There is new evidence,
however, that we are climbing faster than most people think.
Despite the Federal
Communications Commission’s best efforts, the cable TV and Bell telephone
companies signed up 1.9 million new residential broadband users in the
first quarter of the year, bringing the total to 19 million. Then in May
three of the Bell telephone companies announced an agreement on new standards
for extending high capacity optical fiber closer to homes and businesses.
By now we should be passing Peter Huber’s “tipping point” of 20 million
broadband connections—a rough projection of critical mass that will spark
the next flurry of innovation on the Net.
Just last week,
Microsoft and Apple each introduced new products that add voice and video
capabilities to their popular “instant messaging” applications. The offerings
are somewhat crude today, but they promise to turn computers into fully
capable video-phones. Already, companies like Avistar offer advanced PC-based
video-conferencing with TV-quality sound and video. Microsoft has spent
an estimated $500 million building out its online gaming infrastructure.

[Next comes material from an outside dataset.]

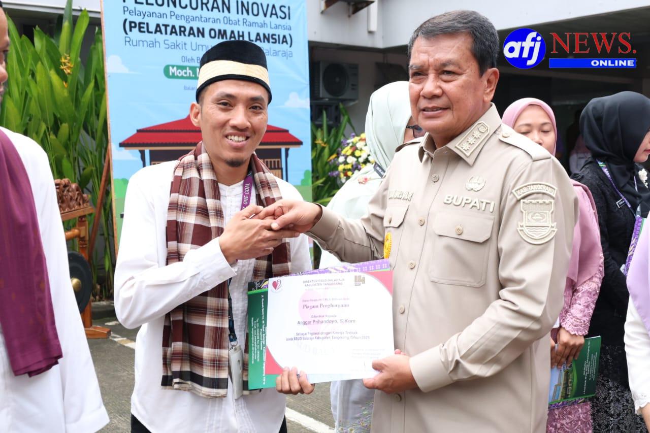 Tangerang, AFJNews.online — Bupati Tangerang, Moch Maesyal Rasyid menghadiri apel pagi dalam rangka HUT ke-14 RSUD Balaraja yang dirangkaikan dengan peluncuran inovasi Pelayanan Pengantaran Obat Ramah Lansia (Pelatran Omah Lansia) dan pemberian santunan kepada anak yatim. Acara tersebut dilaksanakan di Halaman RSUD Balaraja, Selasa (23/9/25)
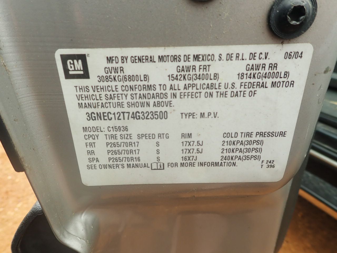Vehicle ID Number: 3GNEC12T74G23500

Its Xbox Live network, which now boasts 550,000 subscribers after seven
months of operation, and Sony’s Playstation network let teenagers and
teenagers-at-heart play basketball, race cars, and hunt for three-dimensional
terrorists with virtual rivals across town or across the globe. Madden
2004 football, hitting the Net this fall, is the most highly anticipated
collaborative game yet.
Soon inexpensive
but high-resolution “webcams,” built with cheap digital video chips from
Foveon, will proliferate to every PC, laptop, Xbox, PlayStation, plasma
screen, mobile phone, PDA, kiosk, ATM, conference room, operating room,
building entrance, security check-point, baby nursery, auto dash and auto
bumper. Ubiquitous digital cameras will cover most angles of most amateur
athletic, educational, theatrical, and family events. Previously unworthy
of being professionally filmed by cameramen using conventional video systems,
these events will now be cheaply captured, wirelessly forwarded, and then
narrowcast, broadcast, and archived. Full-motion Macromedia “Flash” animations
increasingly will replace static web pages. The phenomenon of informal,
real-time journalism known as “blogging” will morph into video-blogging.
Making use of new
analog chip technologies, sensory networks will monitor sensitive facilities
like oil pipelines and report all manner of data from remote scientific
experiments. You can already visually check the surfing conditions at
most of your favorite beaches thousands of miles away. Sensing the new
visual orientation of the Net, Google increasingly focuses on the difficult
task of finding and sorting images.
Growing broadband
penetration, along with new rich media applications, will mean not 500
channels of programmed TV but billions of channels of personalized video,
crisscrossing the Net in real-time and lag-time, offering each of us a
time- and space-defying sixth sense that might be termed true “tele-vision.”
High quality video,
however, needs at least a thousand times more bandwidth than voice or
text, requiring robust broadband links, like those in South Korea, where
connections to 70% of homes are, on average, some ten times faster than
those in the U.S. In Korea, high-definition movies and educational videos
over the Net are a reality, while exchanging mere still-photos in the
U.S. often results in frustrating waits and return-to-sender messages.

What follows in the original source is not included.